* [Exercise details]: The full listing, returned exactly and free of pictures, is the expected answer.

* [Given data]:
□ □ □ □ □
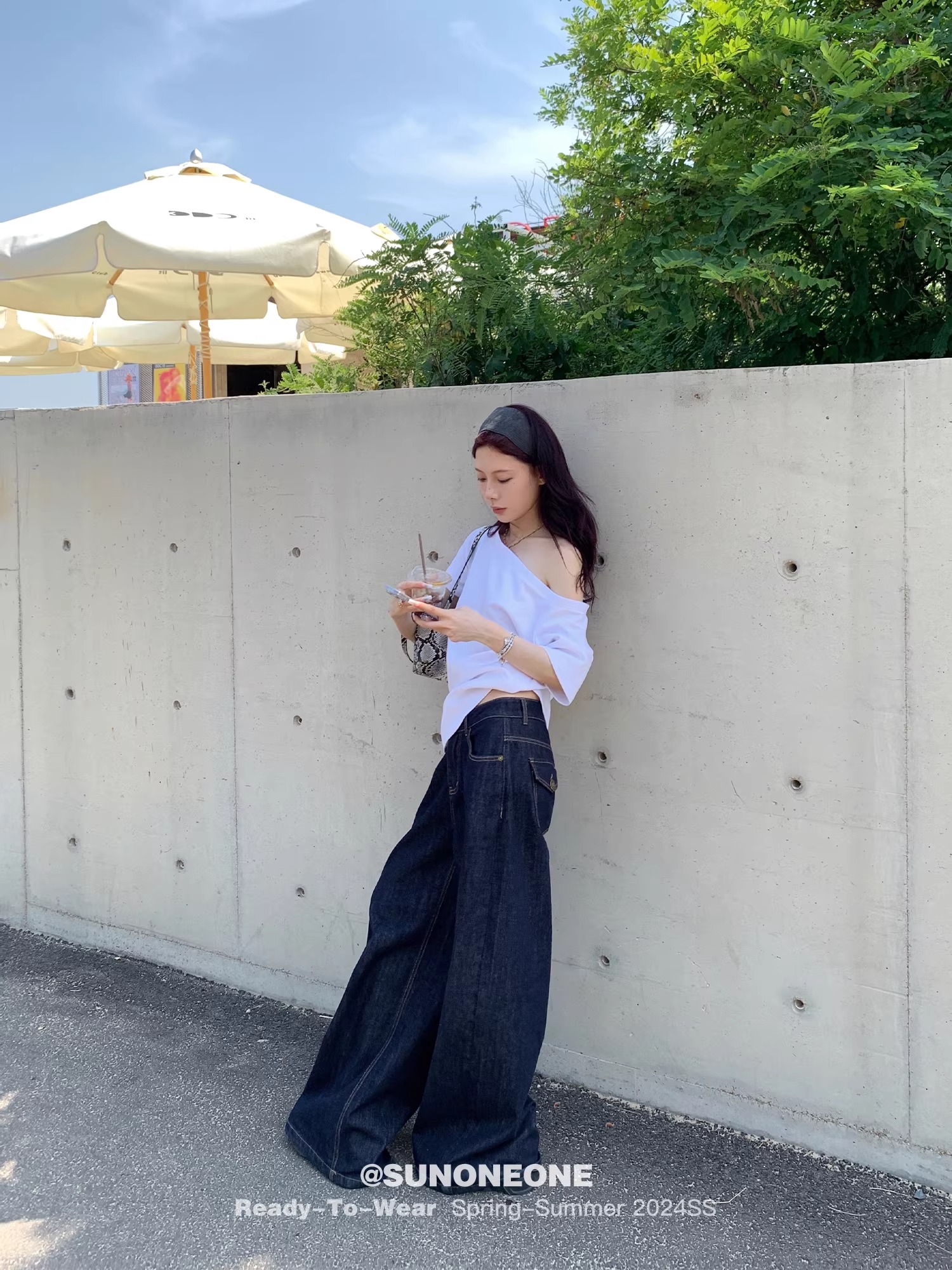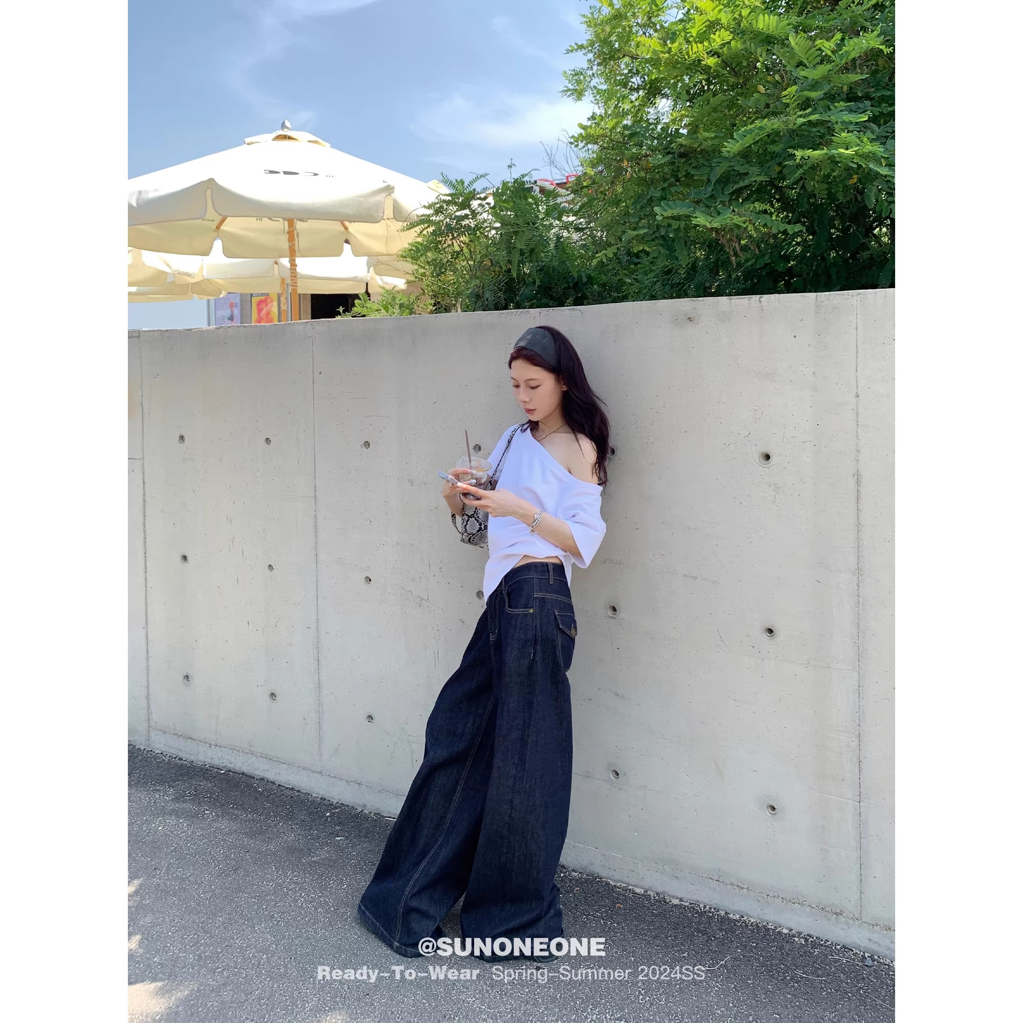 레트로 하이웨이스트 넓은 다리 청바지 여성 봄 가을 새로운 진한 파란색 다용도 슬림해 보이는 루즈핏 표지 고기 도루 센스 롱 바지
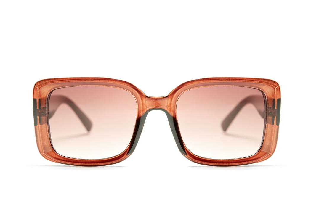 Klasyczne okulary przeciwsłoneczne w kolorze brązowym.Beżowy zausznik z elementem dekoracyjnym.
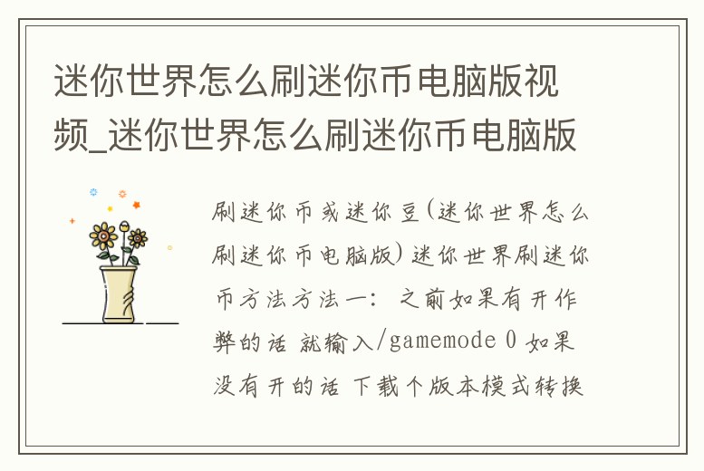 迷你世界怎么刷迷你幣電腦版視頻_迷你世界怎么刷迷你幣電腦版視頻教學(xué)
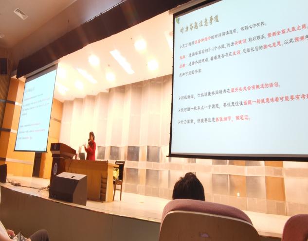 首先,苗老师介绍了英语学习的必要性和通过英语四六级考试的重要性,为同学们今后的英语学习指明了方向。接着,苗老师分别从考试流程、考试题型以及应试策略三个方面进行了详尽的解析,和同学们进一步探讨英语学习及备考复习的方法。最后,她鼓励同学们在考前冲刺阶段多做真题,不断反思总结做题技巧,预祝大家取得好的成绩。
□ □ □ □ □
* [Finished task]:
 레트로 하이웨이스트 넓은 다리 청바지 여성 봄 가을 새로운 진한 파란색 다용도 슬림해 보이는 루즈핏 표지 고기 도루 센스 롱 바지
 Klasyczne okulary przeciwsłoneczne w kolorze brązowym.Beżowy zausznik z elementem dekoracyjnym.
 迷你世界怎么刷迷你幣電腦版視頻_迷你世界怎么刷迷你幣電腦版視頻教學(xué)
 首先,苗老师介绍了英语学习的必要性和通过英语四六级考试的重要性,为同学们今后的英语学习指明了方向。接着,苗老师分别从考试流程、考试题型以及应试策略三个方面进行了详尽的解析,和同学们进一步探讨英语学习及备考复习的方法。最后,她鼓励同学们在考前冲刺阶段多做真题,不断反思总结做题技巧,预祝大家取得好的成绩。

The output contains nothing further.